After 10 years of non-stop lobbying and fundraising, the Minneapolis group Artspace will finally break ground Thursday on the new Minnesota Shubert Center in downtown Minneapolis.
The Minneapolis group Artspace is converting the nearly 100-year-old Shubert Theater into what it calls a flagship center for dance.
When all 6 million pounds of the Shubert Theater were hoisted on dollies and wheeled a block and a half down Hennepin Ave. in 1999, it was hailed as a miraculous feat of engineering. Since then however, the old vaudeville house has sat vacant like a forlorn monument to the dreams of the dance community.
Despite a skeptical state Legislature, an extremely competitive fundraising climate and more recently a collapsing economy, Artspace is now just a million or so dollars shy of its $42.5 million capital campaign goal.
Colin Hamilton, the Minnesota Shubert Center's executive director, said in funding the Shubert restoration, Artspace has also created a broader philanthropic tradition for Minnesota dance.
"This has not just been about raising money, it's been about building a community that is going to come together to make this whole institution shine," he said.
The Minnesota Shubert Center is more than just a theater. It will include a refurbished Hennepin Center for the Arts, where many of the groups that will use the Shubert are headquartered. It also features a sleek, two-story structure that will connect the Hennepin Center to the theater, project video performance images out on the street, and contain an arts education technology center.
The theater will be reconfigured as a custom designed dance venue with a seating capacity that's been cut in half from the originally planned 1,000 seats.
"A 500-seat house really will allow a multitude of companies to grow into this space with their audiences, whereas a 1,000-seat house, there are very few dance activities here that could sustain that," Hamilton said.
Hamilton said what will set the theater apart will be its unmatched acoustics and sightlines. Two original balconies will be replaced by a bank of seats that reaches back no farther than 65 feet away from the stage. Hamilton said that will make for a very intimate audience experience.
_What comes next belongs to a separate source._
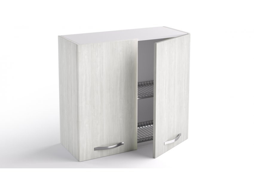 Küchenoberschrank Geschirrabtropfer 80x33xH72 cm aus Holz Weiß Alaska mit zwei Türen

"You could sit in the furthest back row in the corner, and you have an incredible view and relationship with what's happening on stage," he said.
The Minnesota Shubert Center will serve more than 30 arts groups. That includes most of the Twin Cities leading dance companies, among them James Sewell Ballet, the Minnesota Dance Theater, Zenon Dance Company and TU Dance.
Several smaller groups will also make use of the Shubert, including Zorongo Flamenco Dance Theatre. Zorongo founder and artistic director Susana Di Palma said the Shubert offers a wonderful opportunity for the local dance scene.
"It means a higher profile," Di Palma said. "It means a coming together of resources for maybe all of the dance community. It means higher visibility I think with a public that maybe we haven't been exposed to or hasn't been exposed to us."
But Di Palma is concerned about the ongoing affordability of the Shubert for medium to smaller dance troupes, and whether it will suck audiences away from other dance venues such as the Southern Theater and the Ritz Theater. She also has doubts as to whether the local dance audience is big enough to support the Shubert.
"With the existing dance audience now, it's going to be really rough," she said. "I'm relatively optimistic but I think it's going to take a lot of work on everyone's part."
Developing new dance audiences is on a lot of people's minds, although many supporters are confident it'll happen. Veteran dance writer Linda Shapiro said it's been done before, albeit with another art form.
"Look what happened when the Guthrie was created here," Shapiro said. "It certainly built a theater audience, and part of that was because it was this visible space and Tyrone Guthrie came with it and all of that flagship business."
What impresses Shapiro about the Minnesota Shubert Center is how active it's been even before it's opened its doors. She points to its six-year-old, Internet-based arts education program and some of the dance events it's sponsored.
"There's a kind of ground-up feeling about the Shubert that makes me really trust that it's going to be a success, because in a way, even though it was transplanted, it's grassroots," she said.
Everyone agrees there's a lot riding on the Shubert for the Minnesota dance scene, and Artspace's Colin Hamilton admits his organization is not immune to the pressure.
"I think we all wake up sick to our stomachs, you know, thrilled about what's possible but knowing that this is a 10-year journey that continues and there's as much hard work ahead as there is behind us," Hamilton said.
The Minnesota Shubert Center will officially open in early 2011, in time for the spring dance season.